Success Story
How Verbund, Austria’s largest electricity producer, modelled sensor time series data for interpretable and robust condition-based monitoring.
Austria’s largest electricity producer, Verbund Hydro Power, needs to monitor the state of its water turbines. To automatically detect anomalous process conditions, data scientists at Verbund modelled the turbine’s expected oil temperatures based on multiple years of historical data of the water temperature and other sensors. However, the modelling required a careful selection of meaningful periods for training and validation. Times of regular turbine operation were repeatedly followed by shut-down and start-up procedures that had to be excluded from the modelling. Moreover, upgrades to the plant made it unclear to which extent historical data was representative of the current turbine behavior. Selecting relevant process data was thus considered a significant time and cost factor.
The data scientists required means to label periods of the process data as suitable training and test data while discussing the data with the process experts. This labeling step typically needs to involve the experts’ opinions and thus cannot be automated by prepared scripts. However, even labeling multiple years of data should not take more than a few hours to reduce the experts’ time effort. Furthermore, both the data selection and the modelling had to be transparent to get the buy-in of the experts. It was necessary that the models could be interpreted and checked for physical plausibility before using them for operational condition monitoring.
With Visplore, the data scientists could interactively label multiple years of process data live while discussing the data with the process experts.
Intuitive tools enabled the users to graphically select suitable periods and label them as training data with a click. Labels could easily be corrected based on the feedback of the process experts and exported to Excel or Python. Selecting useful test data from four years of process data and dozens of tags took much less than an hour.
Also, for the predictive modelling itself, the interactive cockpits of Visplore enabled the data scientists to work together live with the process experts. Intuitive visualization made the modelled dependencies interpretable and allowed for a quick plausibility assessment for different operating conditions. Automatic ordering of all variables by their influence on the modelled oil temperature allowed for selecting relevant features quickly while including the process expertise in the modelling. After a few minutes, a predictive model was created, well-understood and approved by the process experts, and could be exported as Python code.

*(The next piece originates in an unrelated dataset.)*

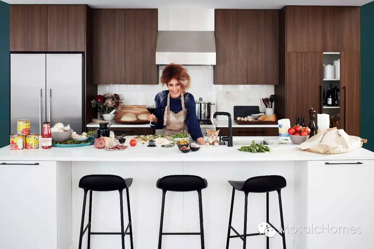• Bertazzoni 不修光系列成为了厨房设计的焦点(可升级选择不同颜色)。

The exported Python code could easily be used to define dynamic tolerance corridors for condition-based monitoring. The corridor robustly adapted to different process conditions, minimizing false positive alerts while being narrow enough to detect real process anomalies quickly. Using Visplore, the know-how of the plant engineers could very easily be included in a transparent and highly efficient process for cleaning and modelling the sensor data. This saved much effort for data preparation and considerably shortened the overall project duration. Furthermore, it led to a plausible model that was widely accepted as it considered necessary domain knowledge.